Ángel García en la sede de Cruz Roja Salamanca - D. ARRANZ

«Hay que intentar que la comunidad internacional no se olvide de Haití»

El director del Plan de Salud de Cruz Roja Salamanca viajó en diciembre a la isla para participar en el operativo puesto en marcha contra el cólera

H. DÍAZ
VALLADOLID Actualizado:

Ha pasado un año desde que la imagen del pequeño Redjieson abrazado por uno de los bomberos de Castilla y León tras ser rescatado daba la vuelta a todo el mundo . Desde entonces, a lo largo de 2010, instituciones públicas y privadas, organizaciones no gubernamentales de la Comunidad y particulares se han esforzado en recaudar fondos para Haití, una isla donde la tragedia está aún omnipresente 365 días después del devastador terremoto. A principios de diciembre se desplazó hasta allí el director del Plan de Salud y Socorros de Cruz Roja en Salamanca, Ángel García Hernández, que ha permanecido en la isla caribeña durante tres semanas para apoyar el operativo puesto en marcha por la organización para controlar el brote de cólera.

«Estuve trabajando en un grupo compuesto por cinco personas, un coordinador, una delegada en Salud, un delegado en temas de agua y saneamiento y yo, que participaba en las distribuciones selectivas de equipos higiénicos en distintos puntos del país», explica García Hernández. Su misión en Haití ha sido la de crear y formar un grupo de voluntarios de la Cruz Roja Haitiana para participar en el reparto de agua pastillas potabilizadoras y otros medicamentos contra el cólera.

Inestabilidad

Aunque actualmente el problema sanitario, de higiene y salud es uno de los principales que tiene el devastado país, para este trabajador de Cruz Roja «la mayor dificultad» a la que se enfrenta la isla caribeña «es la inestabilidad que vive a todos los niveles, «esa falta de coordinación y de saber hacia donde van. Haití lleva tres meses sumergida en un proceso electoral que debía haber sido rápido y que aún no se sabe por dónde va a salir». Una de las consecuencias palpables de esa falta de coordinación se observa en el hecho de que, pese a que son más de 10.000 ONG las que trabajan en la zona, «los resultados no son tan tangibles como nosotros quisiéramos». Otra consecuencia tiene que ver con la ayuda bilateral, ya que la inestabilidad política ha impedido que haya llegado al país todas las ayudas comprometidas por otros gobiernos.

Cruz Roja Española está gestionando actualmente 21 campos de desplazados en Puerto Príncipe donde viven alrededor de unas 90.000 personas. «Gestionamos colegios y otros centros educativos, asociaciones y parroquias y trabajamos con ellos en función de sus necesidades», explica García Hernández.

Cuatro palos y un toldo

La situación no ha cambiado mucho un año después de la catástrofe. A pesar de los esfuerzos de las instituciones humanitarias, un millón de personas afectadas por el terremoto continúan viviendo en campamentos bajo cuatro palos y un toldo. El principal desafío al que se enfrenta la reconstrucción de este país —otro de los pilares en el que trabaja Cruz Roja, además del sanitario— es la legislación sobre la propiedad de la tierra, la mayoría en manos del Gobierno, lo que dificulta la construcción de viviendas para las víctimas. Como consecuencia, «están viviendo en chabolas. Sus condiciones de vida son muy duras y complicadas».

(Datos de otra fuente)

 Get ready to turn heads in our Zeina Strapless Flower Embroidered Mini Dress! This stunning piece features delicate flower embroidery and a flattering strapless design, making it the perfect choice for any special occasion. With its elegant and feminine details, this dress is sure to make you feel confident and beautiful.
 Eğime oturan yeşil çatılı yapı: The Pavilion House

Y una vez más, como ocurre en todas las catástrofes, mujeres, niños, mayores y personas con algún discapacidad son los principales damnificados. No obstante, el director del Plan de Salud y Socorros considera que para analizar la verdadera situación del país, «hay que reflexionar un poco desde donde se partía», ya que antes de que sufriera el terrible seismo, Haití ya era el país más pobre de América, con unos índices de desarrollo muy similares a algunos países africanos y con «debilidades» a todos los niveles: salud, higiene, gobierno... «Si a esa situación ya de por si problemática se suma un devastador terremoto, una tormenta tropical y una epidemia de cólera nos encontramos con la situación que ahora tenemos: verdaderamente preocupante».

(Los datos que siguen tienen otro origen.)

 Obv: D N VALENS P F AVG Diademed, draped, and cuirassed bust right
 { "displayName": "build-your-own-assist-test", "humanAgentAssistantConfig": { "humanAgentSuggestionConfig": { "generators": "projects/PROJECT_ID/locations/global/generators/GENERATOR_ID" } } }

Pero a pesar de que sus palabras suenan pesimistas, sigue confiando en que la población haitiana va a salir adelante: «Es gente muy emprendedora, que le gusta mucho trabajar», subraya cuando se le pregunta qué diferencia existe entre este país y otros del Tercer Mundo —desde que en 1994 comenzara a trabajar en Cruz Roja de Salamanca Ángel García ha participado en proyectos de desarrollo en Honduras, Colombia y Timor Oriental—. No obstante, es realista y sabe que «un país que lleva 30 años de pobreza histórica» no va a solucionar sus problemas en un año. «Con Haití no estamos hablando ni de meses ni de años, sino de décadas de trabajo». Algo para lo que cree imprescindible «que la comunidad internacional no se olvide del país».